The GhostWriter, a JavaScript 2D Game with Canvas - marcoponds
http://codepen.io/marco-ponds/pen/gawVZY
======
igl
Doesn't work :/ OSX Chrome Version 45.0.2454.101 (64-bit)

------
Kiro
It tells me to type but type what? I press all the keys but can't manage to
kill a single ghost.

------
shade23
Works on FF,but not chrome.That's interesting

EDIT: well there you go : Uncaught TypeError: Cannot read property
'toLowerCase' of undefined

EDIT2: a relevant bug[1] and it even suggests a work around.

[1]:[http://bugs.jquery.com/ticket/15220](http://bugs.jquery.com/ticket/15220)

chrome apparently does not have event.key ; you could try event.keyCode or
event.keyIdentifier

------
marcoponds
Thank you for your thoughts.

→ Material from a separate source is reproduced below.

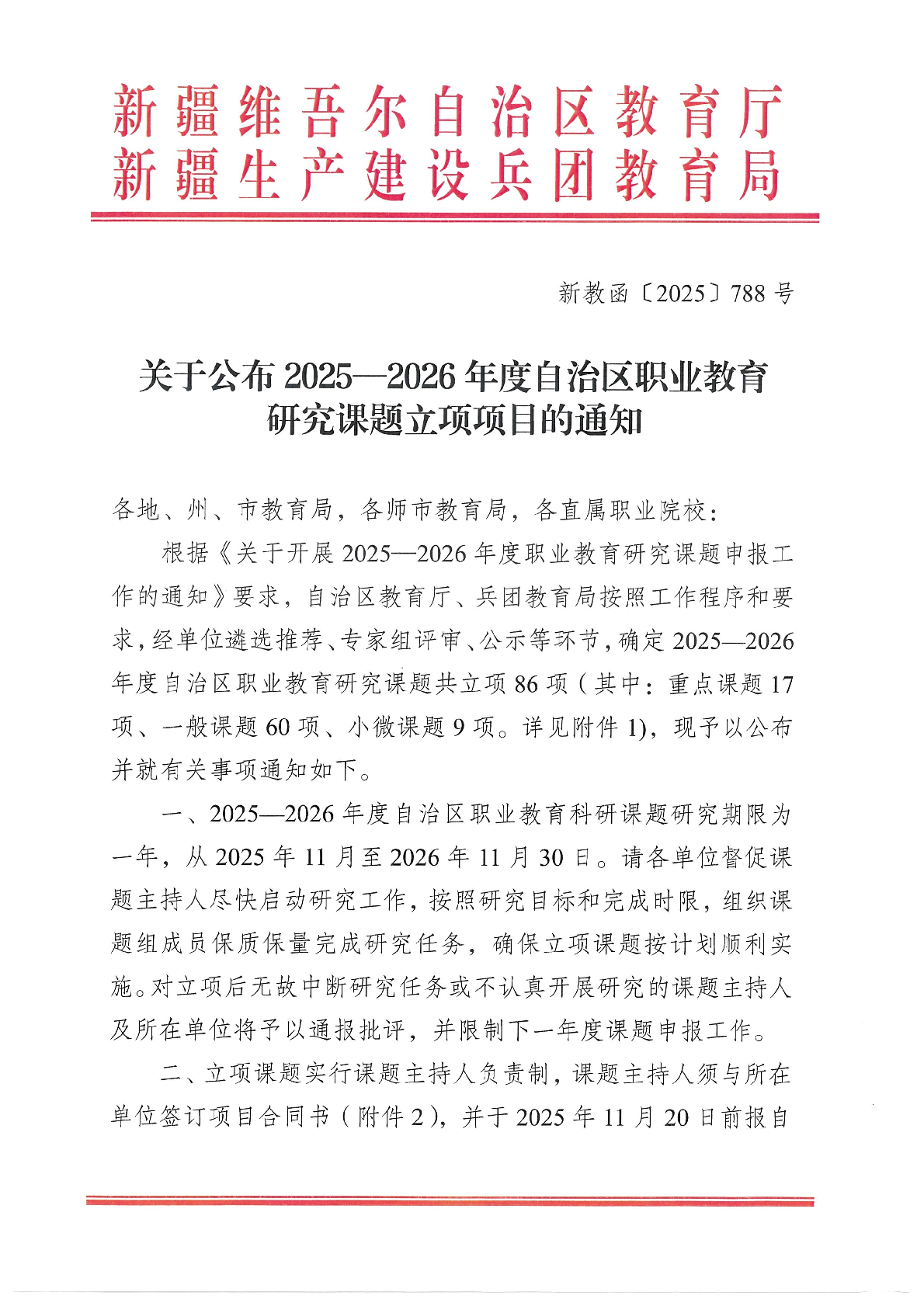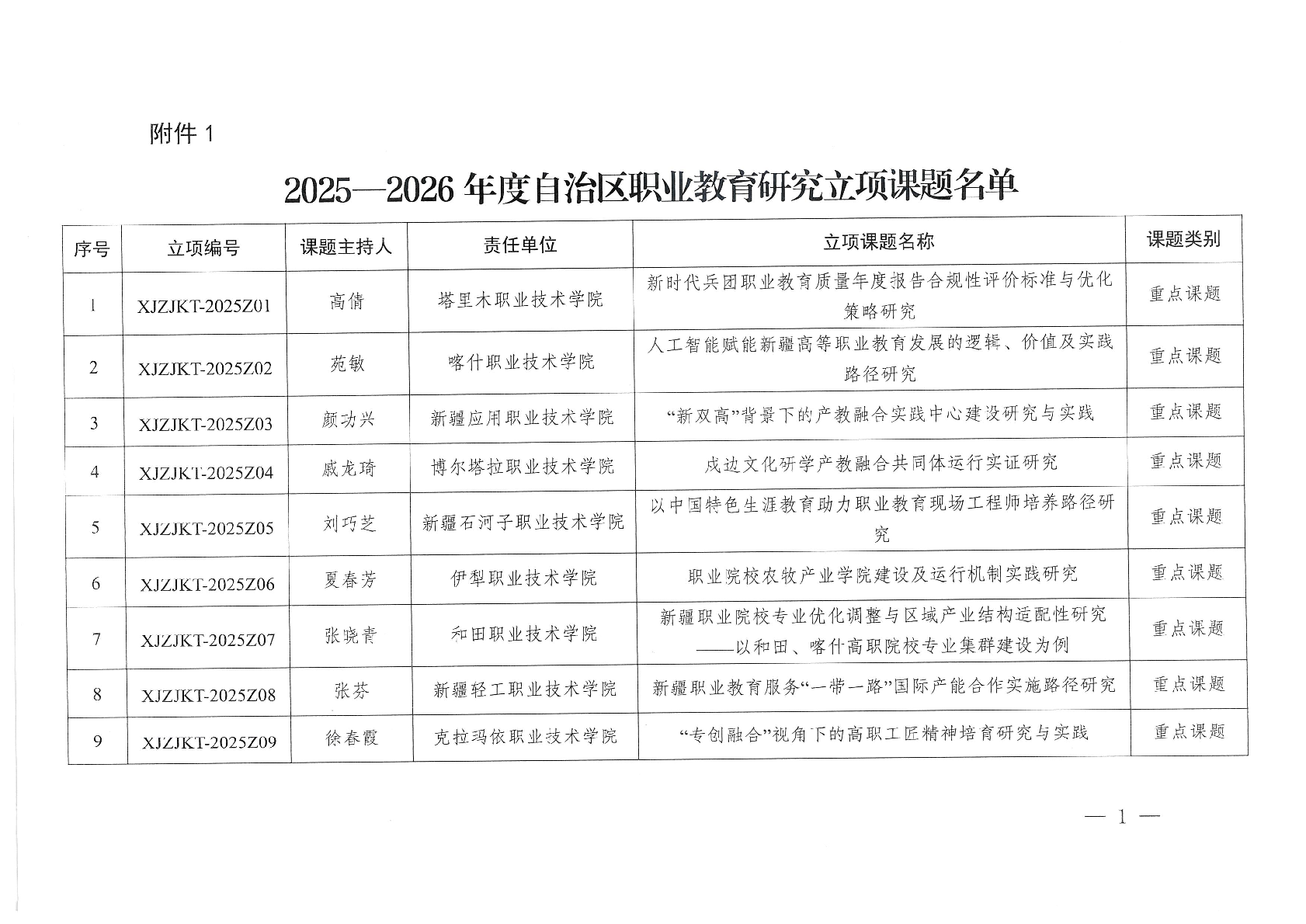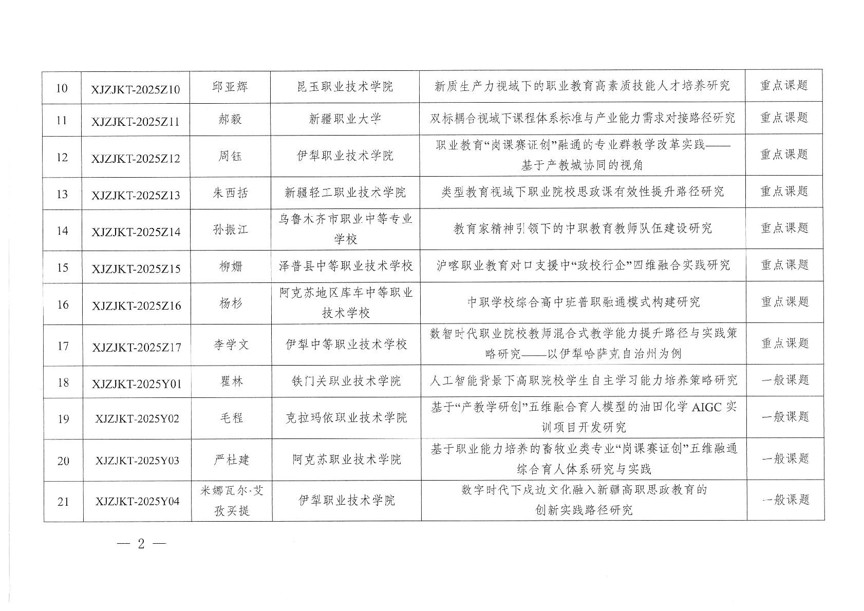 关于公布2025—2026年度自治区职业教育研究课题立项项目的通知

This 'game' has been created in just a few hours
as a personal experiment, and it'n not designed to be completely cross
platform. However, I will edit the code, trying to get a more nice experience.

A major issue is that codepen doesn't automatically focus the frame of the
game, and this causes the keyboard event to be missed.

------
Timucin
Tried to type actual words but didn't work for me either. Tested with OSX
Chrome.

------
dyeje
Pressed all my keys, didn't shoot.